Девушка опять отдалась воспоминаниям о сладостных минутах, прежде чем попыталась понять, почему их отношения обречены. Но сон сковал веки, прежде чем она успела разобраться в этих причинах, и Венеция погрузилась в легкий мир сновидений, где пребывала до тех пор, пока Паскуала не появилась утром с подносом в руках.
На нем таки лежал твердый белый конверт с красной монограммой в углу. Заинтригованная, Венеция вскрыла его. На этот раз там было не извинение, а официальное приглашение выпить с ним кофе в его кабинете в одиннадцать тридцать.
Она вошла в кабинет спокойная, элегантная, в платье из джерси лимонного цвета, с высоко зачесанными волосами, подчеркивающими нежный изгиб длинной шеи. Дон Андре немедленно поднялся из-за письменного стола ей навстречу, усадил Венецию на кожаный диван и пододвинул к ней поднос.
— Будьте добры, разлейте кофе, сеньорита. — Он сел напротив нее и смотрел, как девушка наливает кофе — сначала ему, потом себе… — Я попросил вас прийти сюда сегодня утром, сеньорита, поскольку считаю своим долгом объясниться.
— Вы мне ничего не должны, сеньор. — Венеция протянула ему чашку и присела на диван.
— Я не хочу, чтобы вы думали, будто я оказываю такие знаки внимания всем моим гостьям.
— Надеюсь. Пусть эти знаки внимания останутся в прошлом. Но я уверена, что испанские дамы могут увидеть в них намного больше, чем я.
— Потому что в Англии это считается нормальными отношениями между мужчиной и женщиной?
— Скажем, не необычными. И только дурочка начнет думать о свадьбе из-за них.
— В этом-то и кроется различие между нами.
— Если вас беспокоит то, что я вижу слишком много в ваших действиях, о которых вы так сожалеете, дон Андре, — он быстро взглянул на нее, подозревая, что она поддразнивает его, и нашел подтверждение своему предположению в блеске ее глаз, — то должна заверить вас — это не так. Как вы сами сказали вчера вечером, из этого не может ничего получиться.
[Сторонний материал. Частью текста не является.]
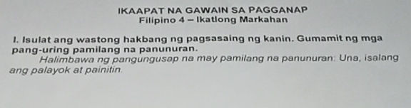 1 Isulat ang wastong hakbang ng pagsasaing | StudyX
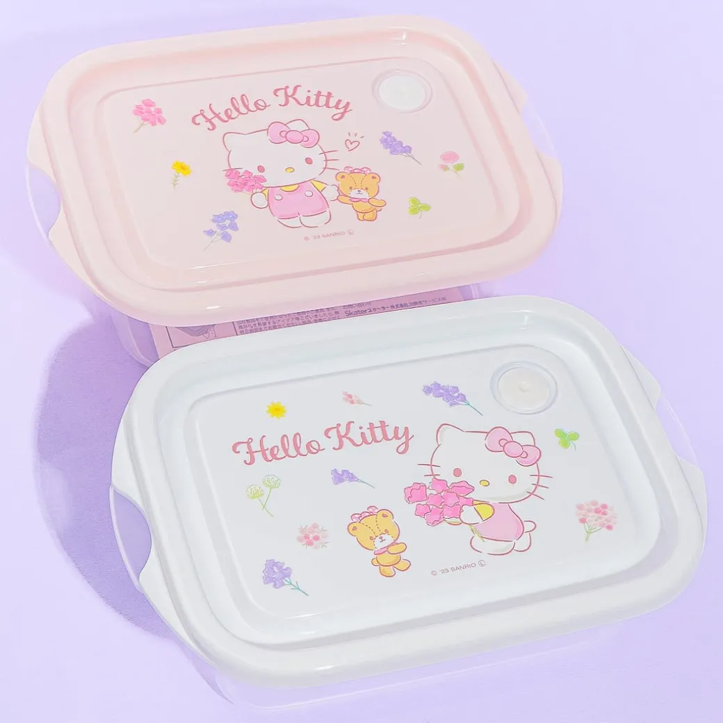 Keep your fave leftovers or side dishes inside these kawaii food containers! Each of the lids has an air vent and cute prints of Hello Kitty harvesting flowers with Tiny Chum! The stackable set is both microwave and dishwasher-safe.
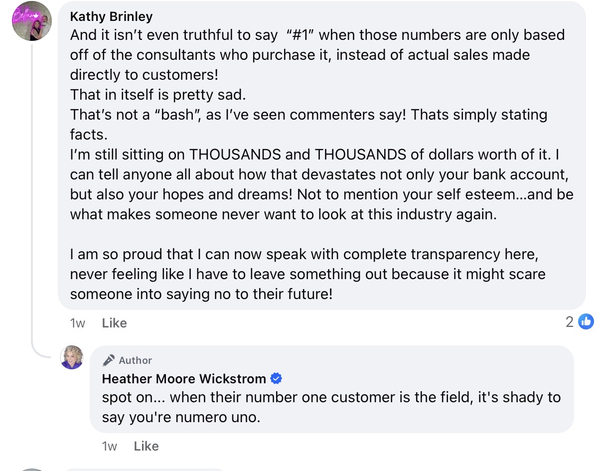 Kathy Brinley reminds everyone that the #1 designation is based on inventory orders to consultants. Mary Kay does no tracking of retail sales to customers. She is sitting on thousands of dollars of unsold inventory.
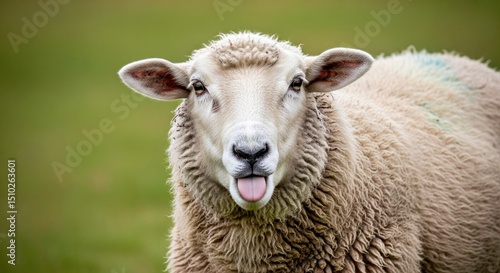 Captivating Sheep Portrait with Amusing Tongue Expression Highlighting Individual Animal Character
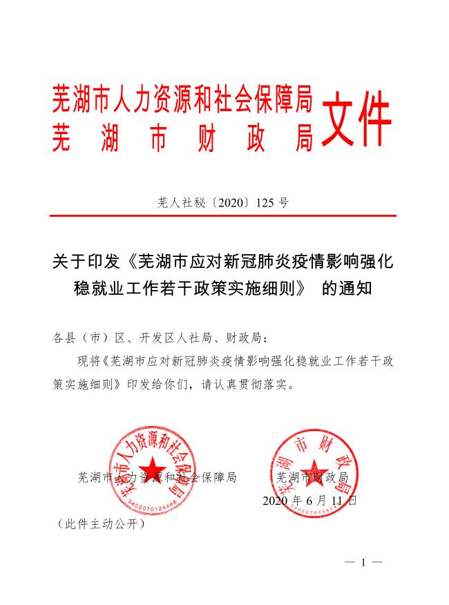 關(guān)于印發(fā)《蕪湖市應(yīng)對新冠肺炎疫情影響強化 穩(wěn)就業(yè)工作若干政策實施細則》的通知
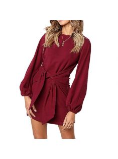 women's elegant short dress with lantern sleeves round neck and waist tie knitted cocktail party dress
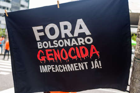 Salvador, Bahia, Brazil - October 02, 2021: Posters banners and shirts with words of Fora Bolsonaro at the protest held in the city of Salvador, capital of Bahia, Brazil.
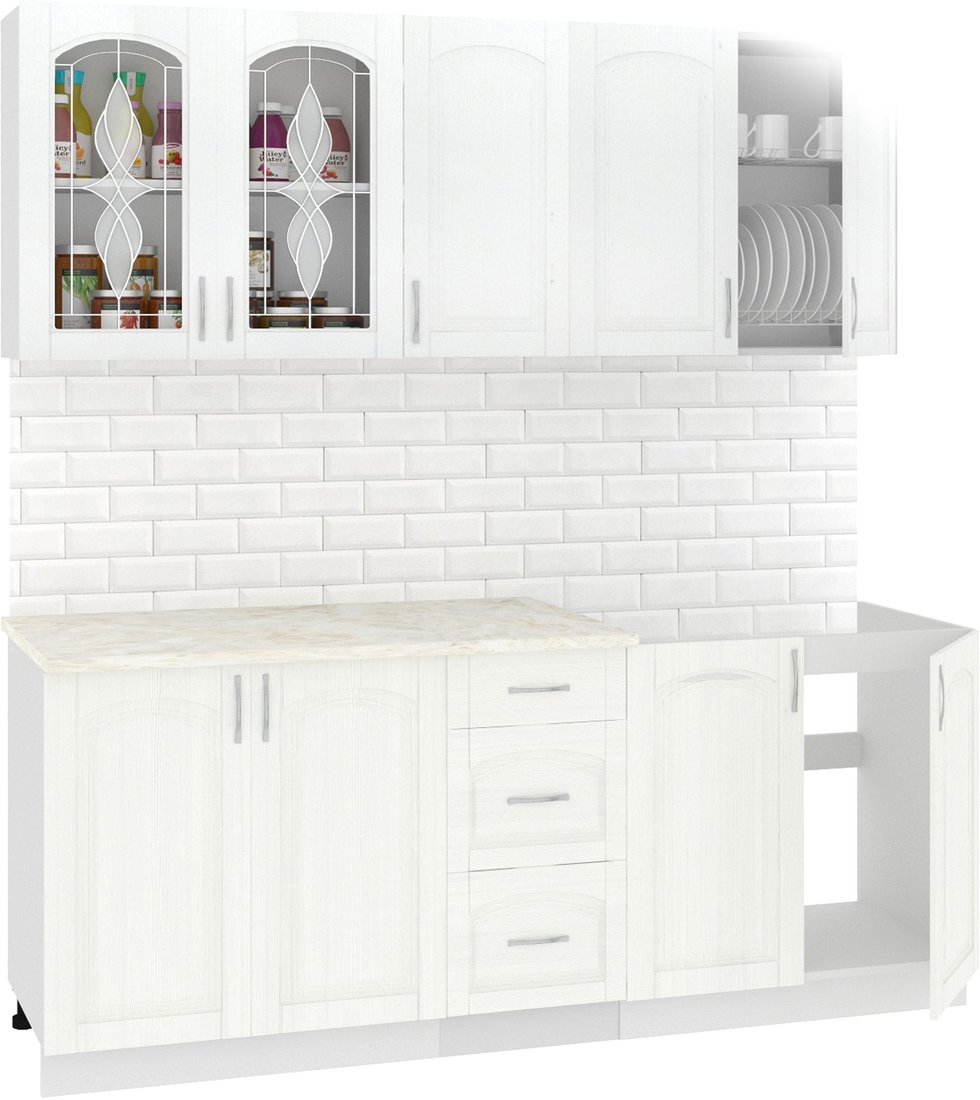 Готовая кухня Кортекс-мебель Корнелия Ретро 2.0м без столешницы (ясень белый)
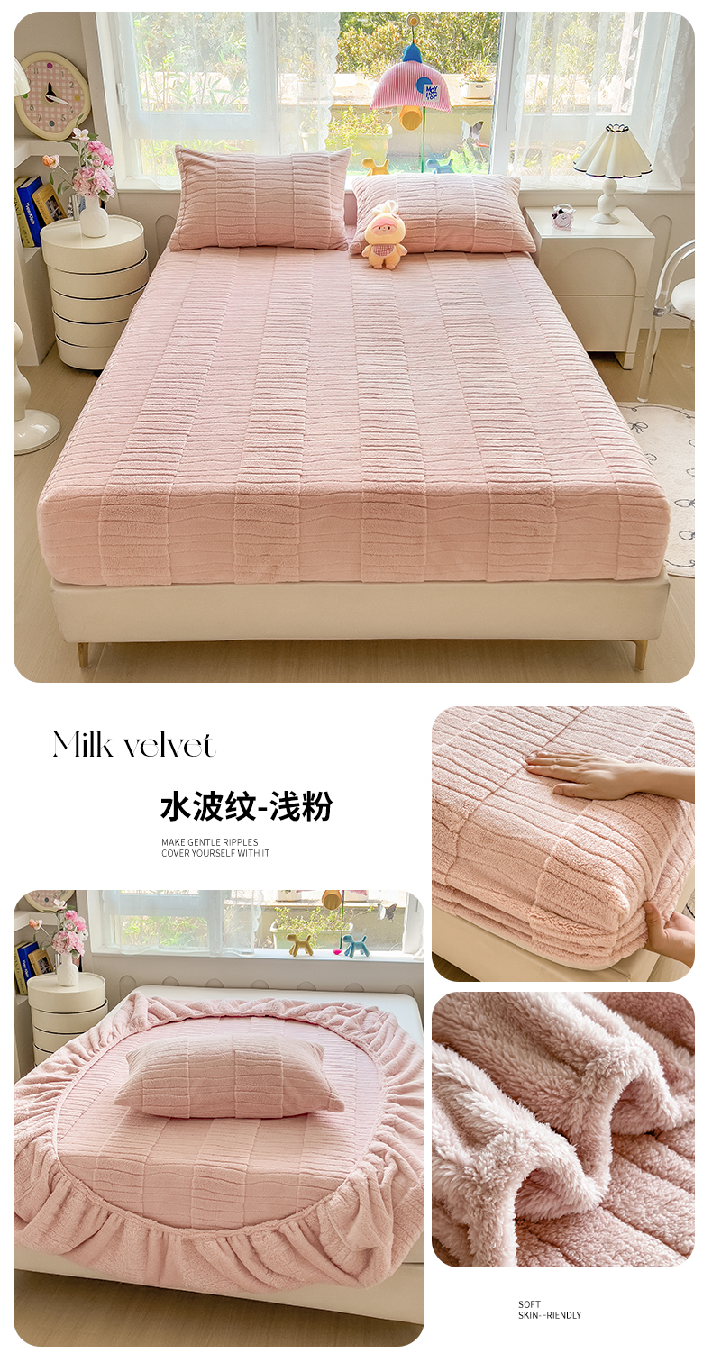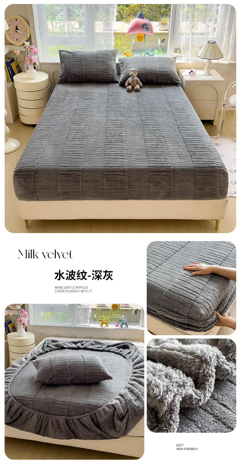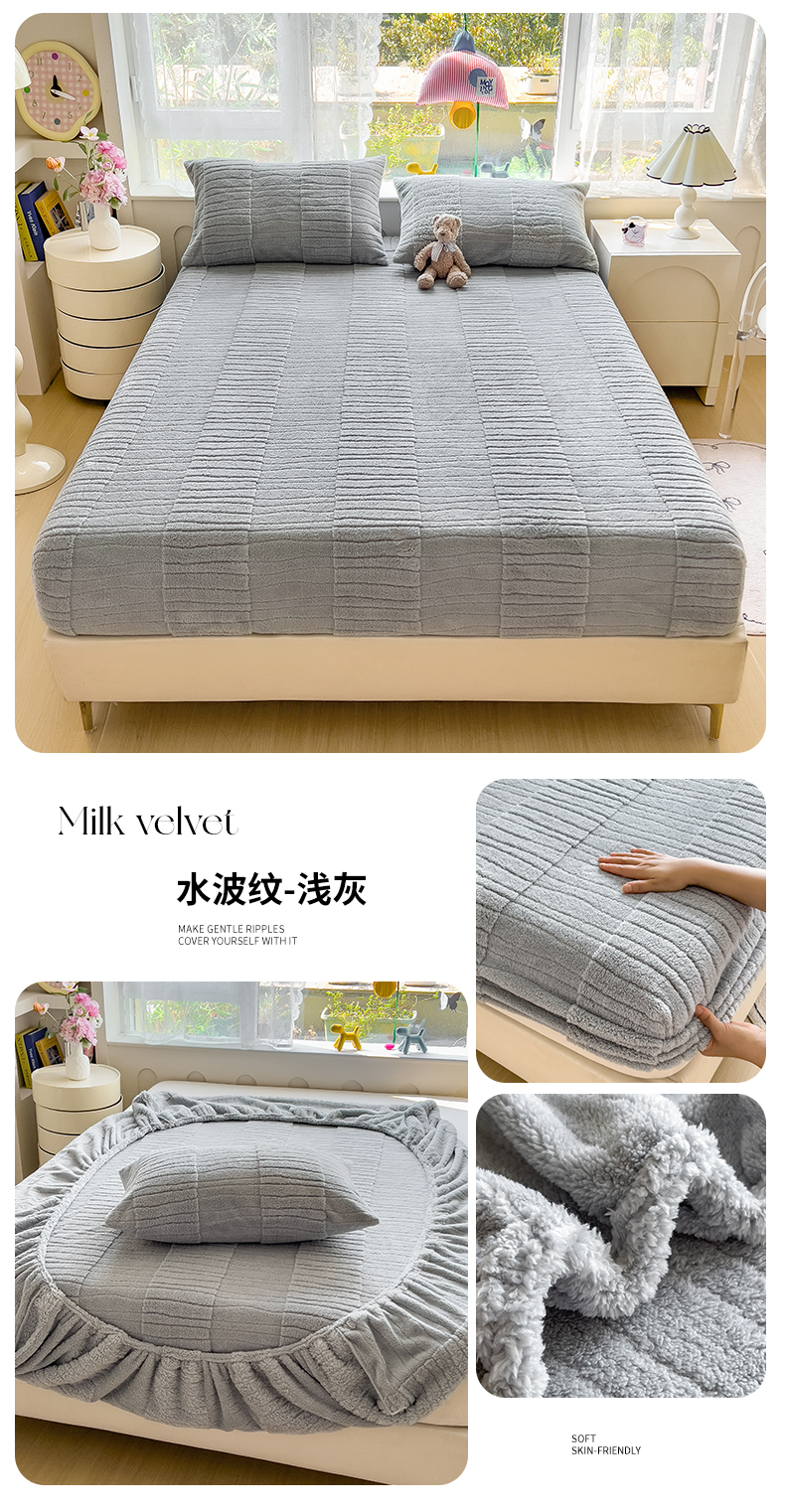 (总)世纪绒品 2025新款A类水波纹提花牛奶绒床笠,水波纹-浅卡,水波纹-蓝灰,水波纹-米白,水波纹-浅粉,水波纹-浅灰,水波纹-深灰
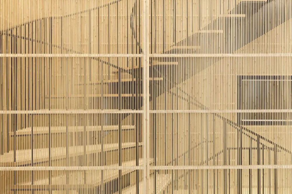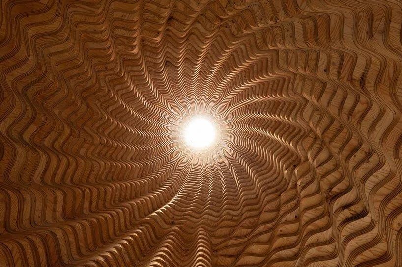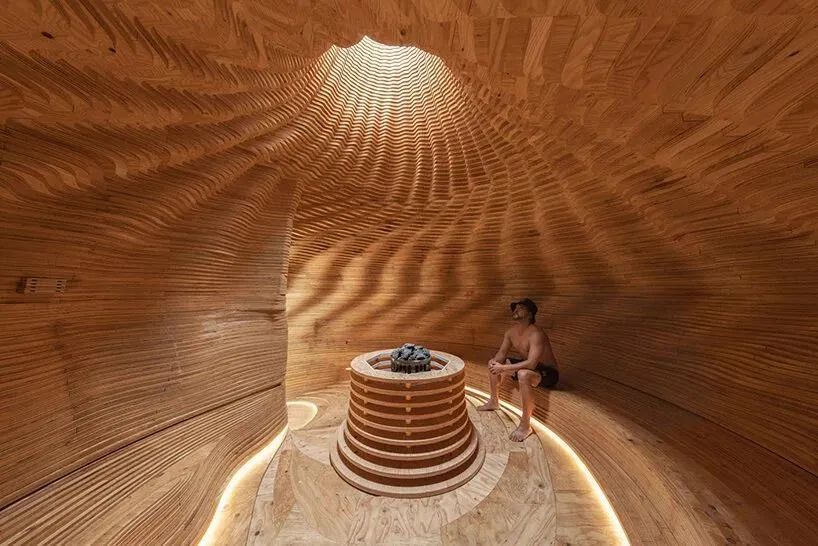 为了获得最终的螺旋形和褶皱形状,隈研吾团队与TTNE的结构工程师一起创建了数字模拟。通常,天花板如此之高的空间不适合桑拿。这是通过执行强制通风来实现的,从顶部进气,从底部排气。通过使用3D CAD和编程软件控制模型,设计师能详细了解从造型到镶板的一切信息,并可以以此反复进行热模拟。
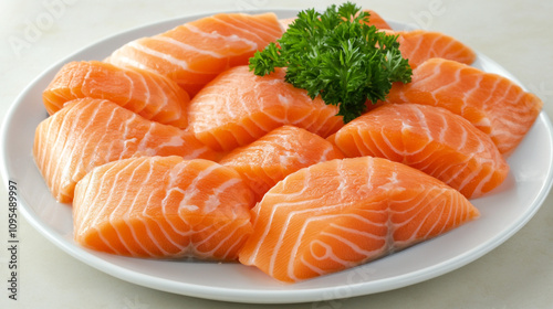 salmon, fillet, slice, raw, fish, seafood, sushi, sashimi, healthy, cooking, meal, eatery, quality, dinner, protein, omega 3, diet, food, culinary, photo, styling, delicious, premium, high-quality, organic, parsley, garnish, ingredient, plate
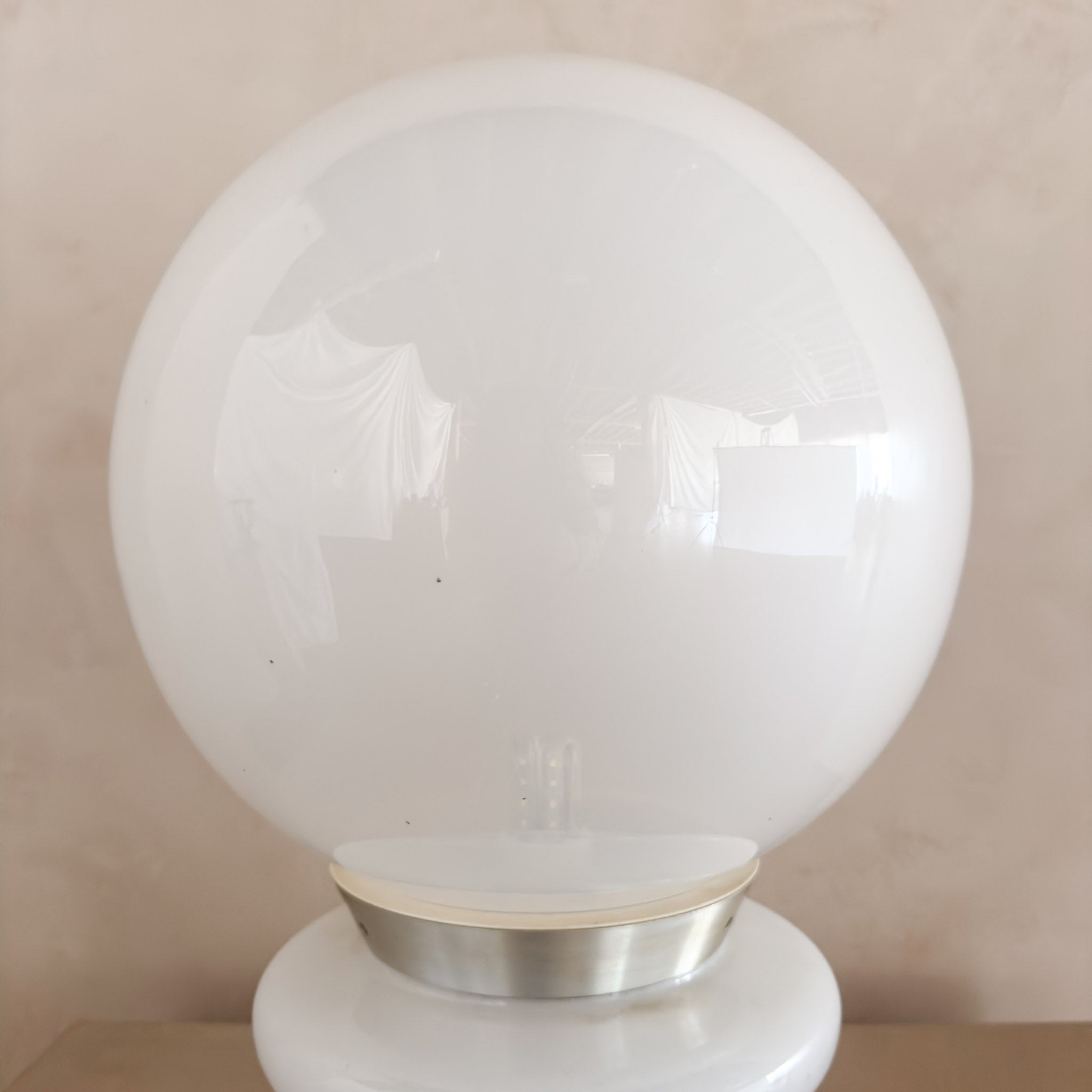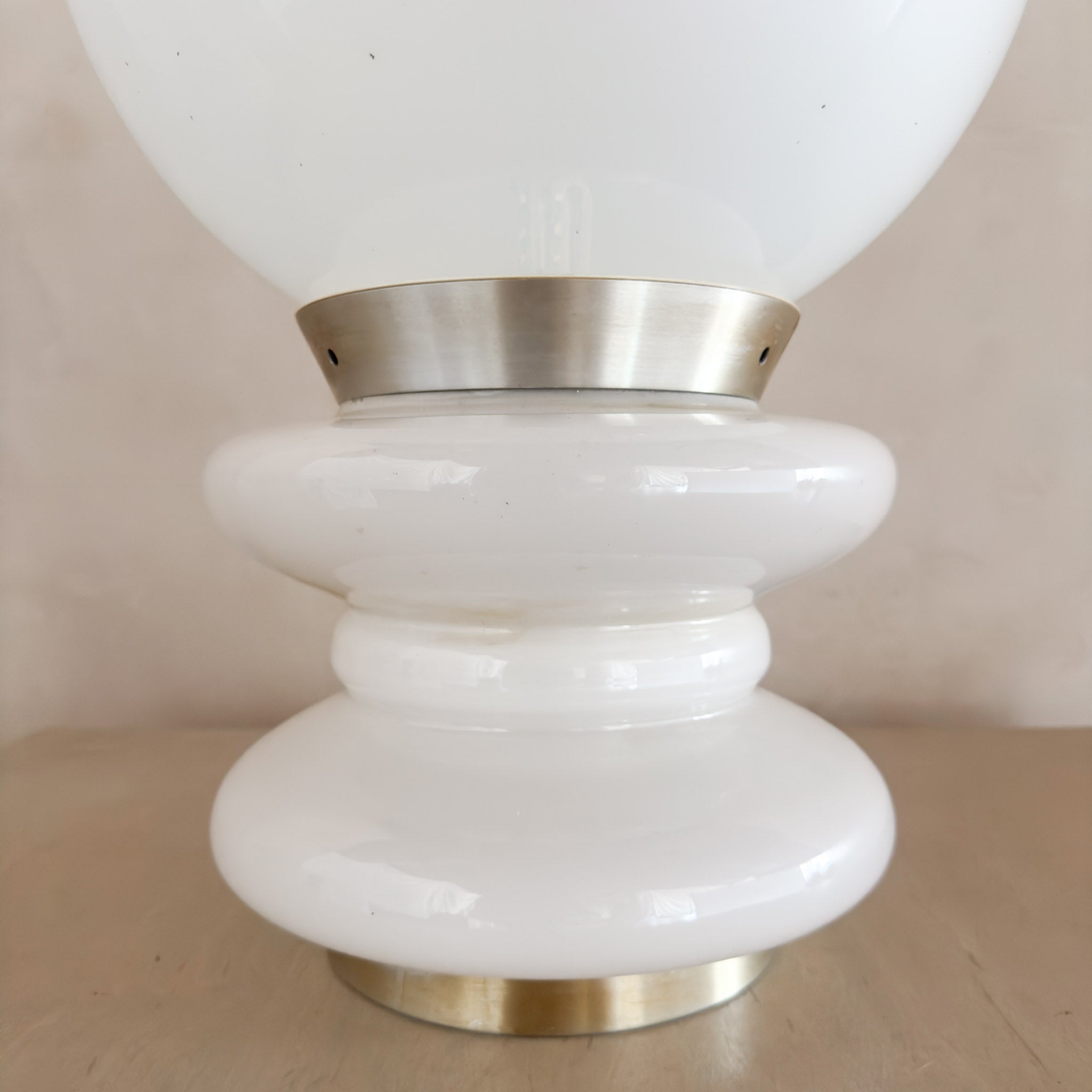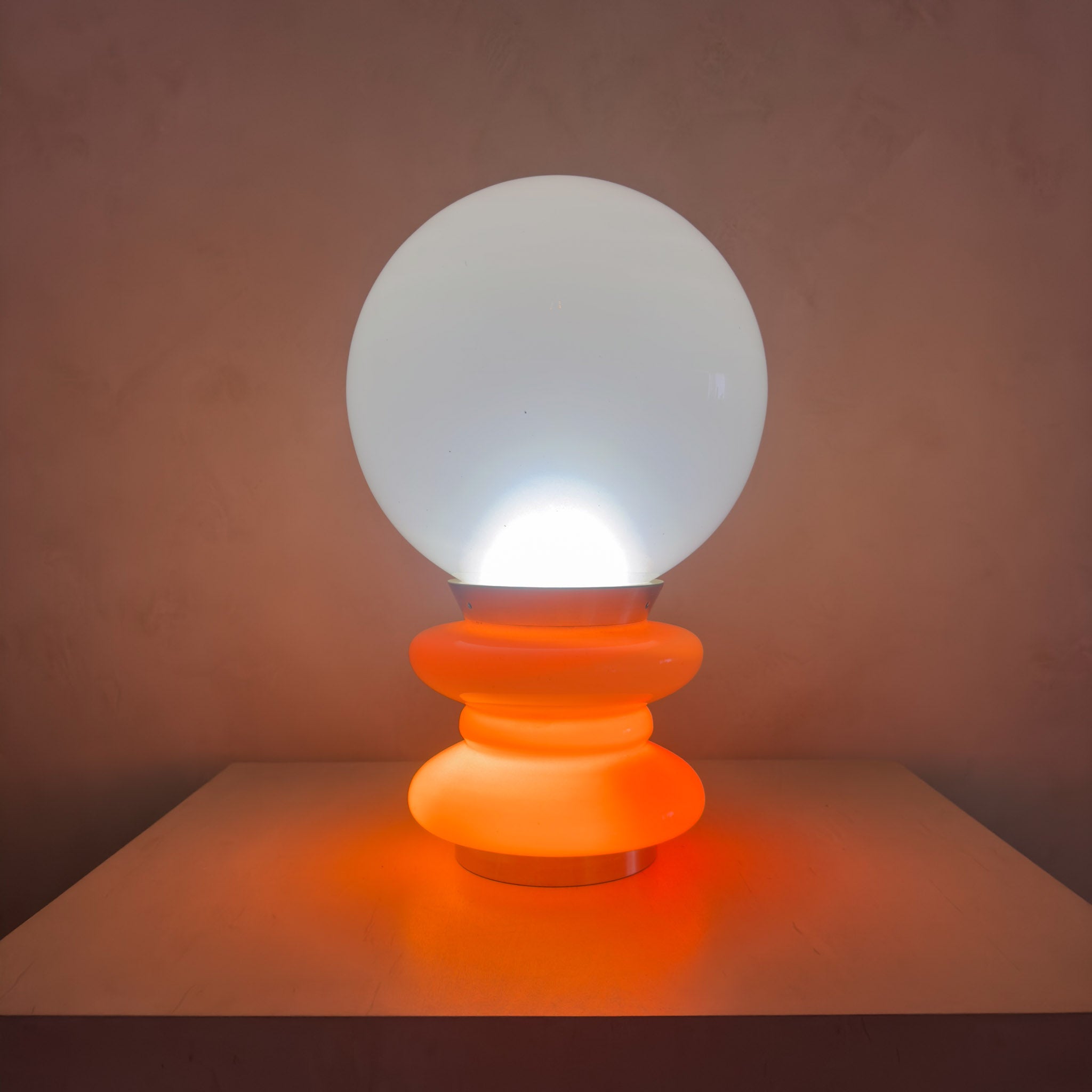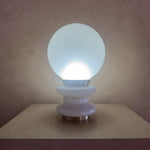 A postmodern millky glass globe set on a rounded stacked base. The all glass construction provides a soft glow when lit. Features dual lighting with individual switches for base and globe.
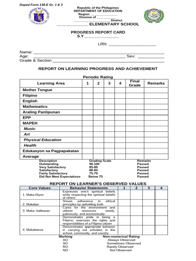 The School Form 9 (Sf9) Or The Learner’s Progress Report Card Is Formerly Known As Form 138.

— Но это, Венеция, никак не связано с вами. Вы очаровательны. А как вы сами думаете, почему у нас не может ничего получиться?
— Мы принадлежим к разным национальностям. Но, по-моему, это не является непреодолимым препятствием. У нас разные религии, — что важнее. Мы по-разному судим о тысяче вещей, это важно. Я целиком за свободу мыслей и действий, а вы, сеньор, хотите, чтобы люди ходили по рельсам. — Венеция увидела, как он нахмурился. — Простите меня, но это правда, а я страстно привержена правде…
— А я нет? — В его голосе звучала обида.
— Я этого не сказала, дон Андре. Я могла бы продолжать, сеньор, но думаю, что сказала достаточно. Может быть, теперь вы объясните свои слова.